Division of Cardiology, Helsinki University Central Hospital, Helsinki, Finland

Correspondence: L Oikarinen, Division of Cardiology, Department of Medicine,
Helsinki University Central Hospital, Haartmaninkatu 4, 00290 Helsinki, Finland.
E-mail: lasse.oikarinen@kolumbus.fi, phone +358 9 47172442, fax +358 9 471 74574


Abstract. Clinically useful methods to detect and quantitate ventricular repolarization changes in left ventricular hypertrophy (LVH) are needed to study if these methods can improve detection of LVH and if they are applicable for identifying LVH patients at risk of ventricular arrhythmias. In this paper, the experimentally documented LVH-induced changes in ventricular repolarization will be reviewed. The impact of these repolarization changes at the myocardial level on the body surface recording of the ST-T waveforms of the cardiac bioelectromagnetic signals are discussed, focusing mainly on the results obtained by our research group.
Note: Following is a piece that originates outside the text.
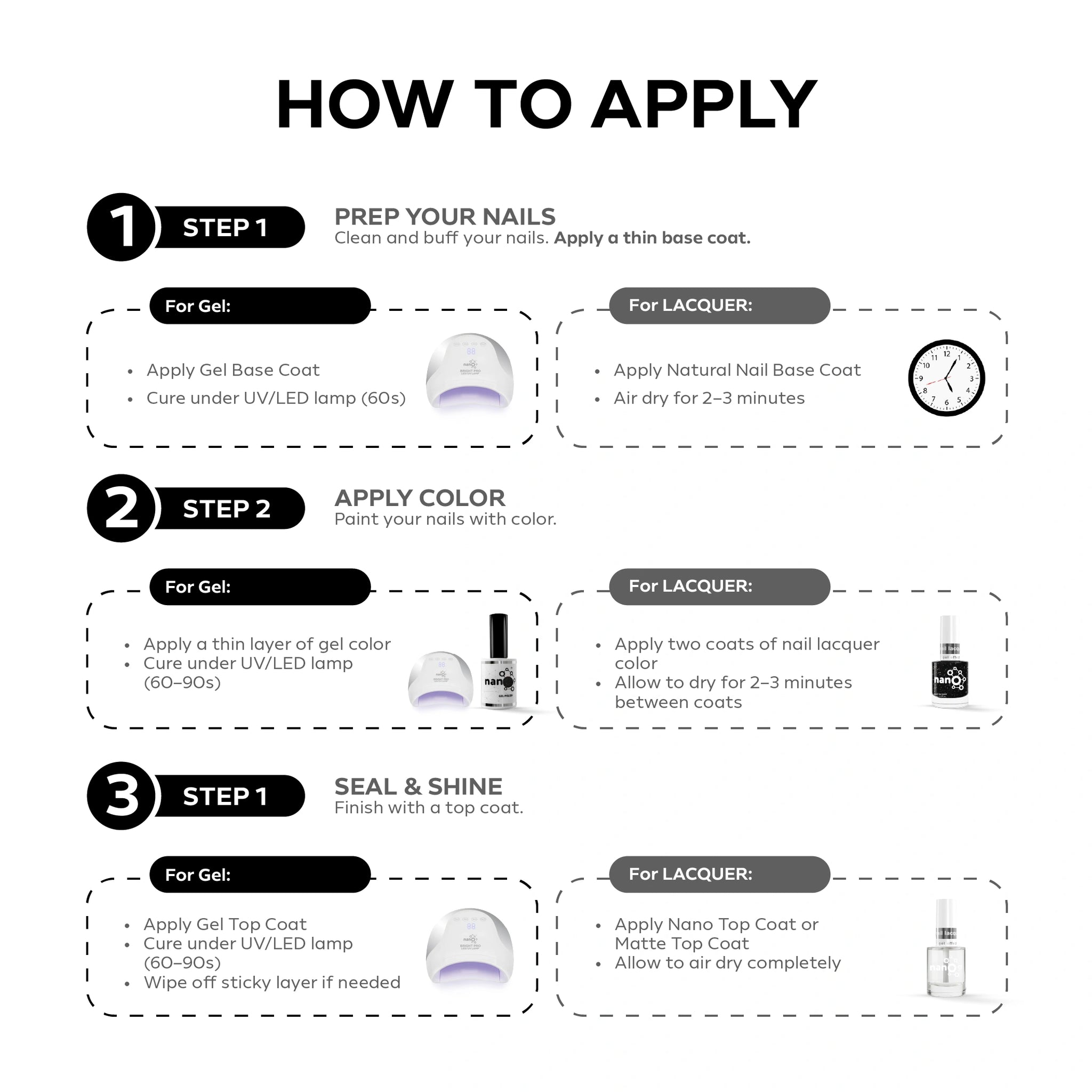 - Apply Normal Base Coat to protect natural nails and improve adhesion.
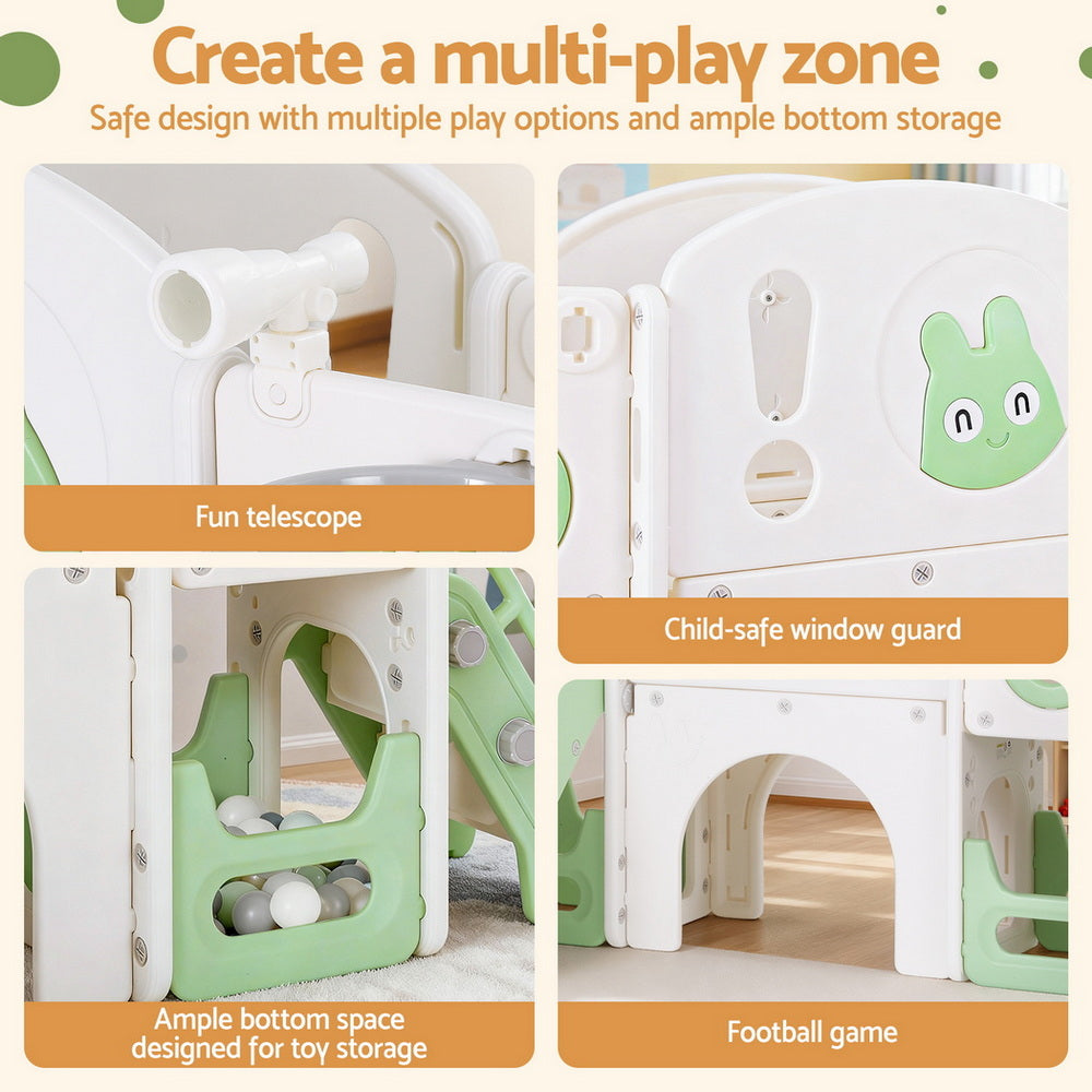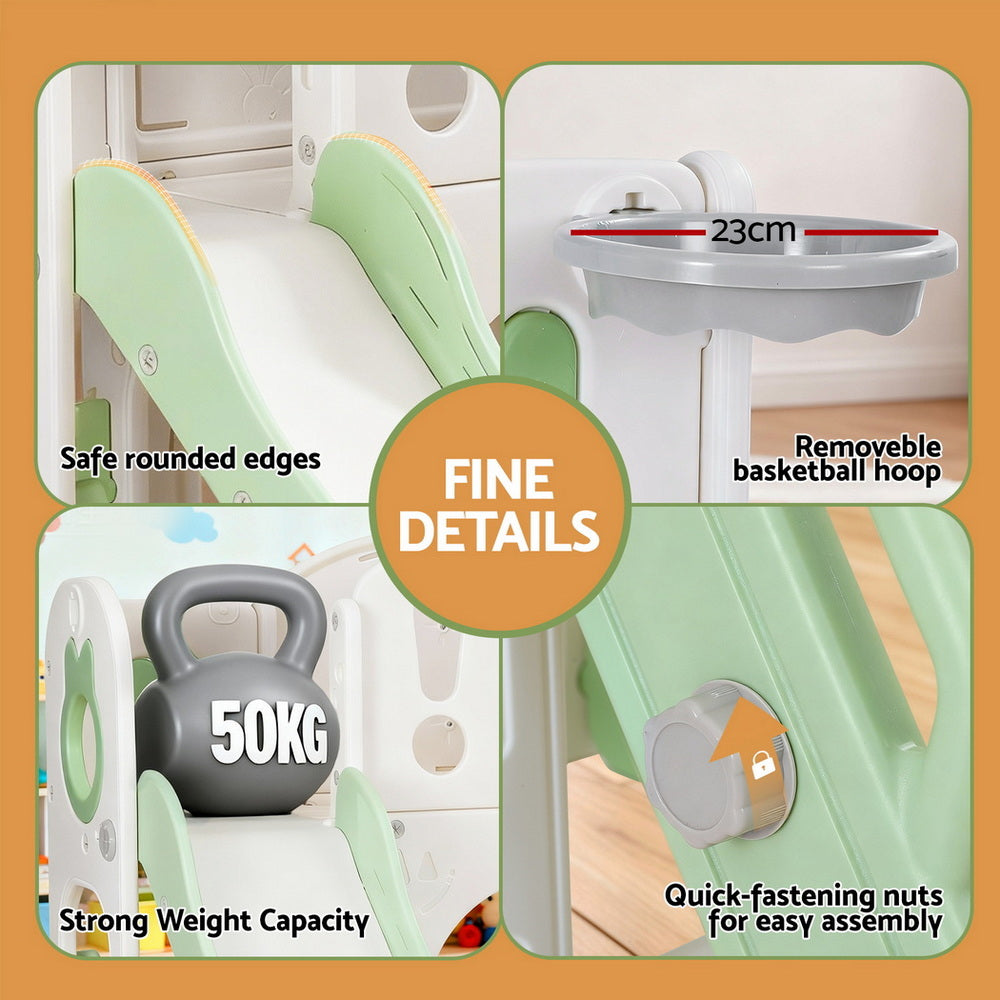 Keep your kids active and entertained with the Keezi 3-in-1 play set. It includes a wide platform, fun telescope, and safety ladder for endless fun. Built from premium HDPE in stylish grey and white, it features anti-slip steps, safe grip handles, and ample bottom space for toy storage. One ball and ring are included for added play. Easy to assemble and ideal for indoor or outdoor use. Note: Kids should be supervised by adults when using the swing.

Keywords: Electrocardiography; Left Ventricular Hypertrophy; Magnetocardiography; Repolarization; T-wave

1.  Introduction

Left ventricular hypertrophy (LVH) is an independent risk factor for cardiovascular morbidity and mortality, including sudden cardiac death [Levy et al., 1990; Haider et al., 1998]. Therefore, detection of LVH remains clinically important. An increase in electrically active myocardium augments QRS voltages on the body surface electrocardiogram (ECG), but for detection of LVH all QRS-based LVH indexes have relatively low sensitivity at clinically acceptable levels of specificity. Experimental evidence suggests that LVH alters ventricular repolarization. LVH-induced repolarization abnormalities in the ECG may provide additional important information for detection of LVH and also for identifying patients at risk of repolarization-related arrhythmogenesis.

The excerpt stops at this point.